Jenis awan Cumulus (Cu) yang bentuknya seperti bunga kol, merupakan jenis awan yang dijadikan sebagai sasaran penyemaian dalam kegiatan hujan buatan
Jenis awan Cumulus (Cu) yang bentuknya seperti bunga kol, merupakan jenis awan yang dijadikan sebagai sasaran penyemaian dalam kegiatan hujan buatan
Ada beberapa metode untuk menyemai
bahan semai kedalam awan . Yang paling sering dan biasa dilakukan adalah
menggunakan pesawat terbang. Selain menggunakan pesawat terbang,
modifikasi pesawat terbang juga dapat dilakukan dari darat dengan
menggunakan sistem statis melalui wahana Ground Base Generator (GBG)
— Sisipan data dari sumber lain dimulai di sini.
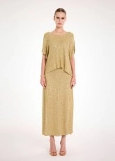 Geniş yakalı dökümlü tasarımı ile çağdaş Knitss stilini ışıltılı feminen tarzla buluşturan simli altın rengi örgü üstü keşfedin. Özgür ruhu, zarif tercihleri ve ayrıcalıklı stili ile her ortamda fark yaratan Knitss kadınları için üretilen parıltılı altın örgü üst, takımı olan simli etekle birlikte parti kombinleri için kullanışlı ve çok şık bir parçadır. Tek olarak da giyim dolabınızdaki birçok etek veya pantolonla kolayca kombinlenir.

pada daerah pegunungan untuk memodifikasi awan-awan orografik dan juga
menggunakan wahana roket yang diluncurkan ke dalam awan.
Di
Indonesia, sejak tahun 1998 BPPT dan PT. INCO bekerja sama dengan
perusahaan dari Amerika memakai metode penyemain awan dengan teknologi flare perak iodida.
Dengan
teknologi ini, pesawat yang dibutuhkan untuk menemai awan tidak perlu
besar, cukup pesawat kecil yang dilengkapi dengan 24 tabung flare perak
iodida yang di pasang di sayap pesawat terbang dan bak peluncur roket.
Setelah
posisi awan, arah dan keepatan angin diketahui pesawat pun menuju awan
potensial dan flare pun mulai dinyalakan dengan mematik listrik otomatis
dari kokpit pesawat. Setelah itu tinggal menunggu hasilnya. Jadi, hujan buatan bukan 100 % buatan manusia tanpa kehendak Allah. Bagiamanapun kepandaian manusia, tak dapat menandingi ciptaan Allah.